Octubre 2020. Tabla de S. Miguel de Ruesta (Zaragoza)

10. Octubre. San Miguel de Ruesta Medium

OCTUBRE. TABLA DE SAN MIGUEL DE RUESTA

Renacimiento, principios del siglo XVI                                 

Pintura al temple sobre tabla

Procede de la iglesia parroquial de Nra. Sra. de la Asunción de Ruesta

Con la llegada del otoño, los montes de nuestra región cambian sus colores y crean preciosos escenarios que nos invitan a visitar los pequeños pueblos que acogen. Una de las paradas imprescindibles en cualquier excursión otoñal por nuestra diócesis ha de ser Ruesta, población medieval de la que procede la pieza que nos ocupa este mes de octubre: la tabla de San Miguel de Ruesta.

Esta pintura renacentista procede de la iglesia parroquial del pueblo, dedicada la Asunción de María, donde en origen debió formar parte de un retablo más amplio. Fue realizada entre las décadas de 1510 y 1520, fechas que la sitúan en un período de transición del Gótico al Renacimiento. En consecuencia, podemos apreciar cómo en esta pintura se entremezclan características de ambos estilos artísticos.

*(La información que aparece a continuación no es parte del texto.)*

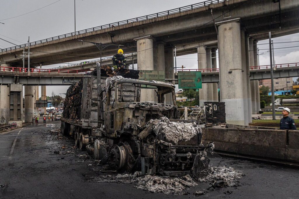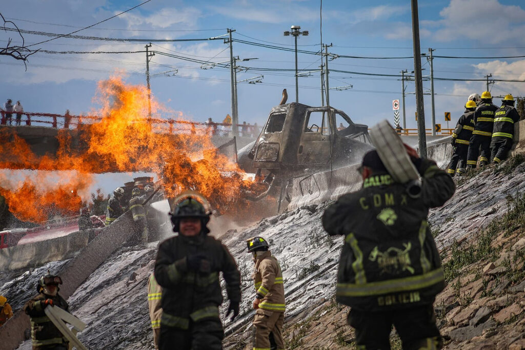Myriam Urzua indicó que la pipa cargaba 49,500 litros de gas y explicó que el incendio continúa porque servicios de emergencia buscan que el combustible se consuma con el fuego.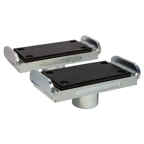 Specifically designed for the Trio arms engineered by Rotary these adapters have a collar that's a little larger to work with the movable second stage design. These adapters replace the current ones used and are wider to fit the frame of the vehicle. You'll replace the front two adapters on the lift and continue to use the current ones you have for the rear pick-up points.

El arcángel San Miguel, protagonista de la obra, aparece ataviado como un caballero del siglo XVI. Viste una armadura reforzada con detalles en cota de malla y una rica capa roja y negra, cuyos bordes están rematados con pan de oro con el fin de dar mayor suntuosidad al conjunto. Por detrás de esta, se asoman dos alas que el artista trabajó con gran detalle y que, al igual que los dulces rasgos del rostro de San Miguel, denotan ya cierta influencia del Renacimiento italiano.

Mientras que con su diestra San Miguel esgrime una espada con la que amenaza al diablo, retenido bajo sus pies, en su mano izquierda el arcángel sostiene una balanza. En cada lado de esta aparecen dos pequeñas figuras que aluden a las almas de los fieles. Esta obra, por tanto, se encarga de ilustrar al espectador dos de las principales misiones de este arcángel: luchar contra el Maligno durante el Apocalipsis y supervisar el pesaje de las almas, esto es, salvar a los bienaventurados mientras condena a los pecadores al infierno.

El sencillo fondo sobre el que se desarrolla la acción (un murete detrás del cual podemos intuir algo de vegetación) manifiesta cierto aire italianizante y se repite en varias obras procedentes de la diócesis, como el retablo de Bagüés o el de Santiago de Ruesta expuestos en el ámbito Renacimiento del MDJ. Esta característica común parece apuntar a que tal vez todas estas pinturas fueron realizadas por talleres de artistas muy próximos entre sí, que pudieron colaborar en diversas ocasiones y se influyeron mutuamente.

¿Sabías que…?

Las representaciones artísticas de la segunda misión de San Miguel, la valoración de las almas, se inspiran en el tema egipcio del Juicio de Osiris. Según la mitología egipcia, este dios del ultramundo extraía el corazón del difunto para situarlo en un platillo de su balanza, mientras que en el otro colocaba la pluma de la Maat (símbolo de la verdad y la justicia), para comenzar así un juicio en el que participaban hasta cuarenta y dos dioses.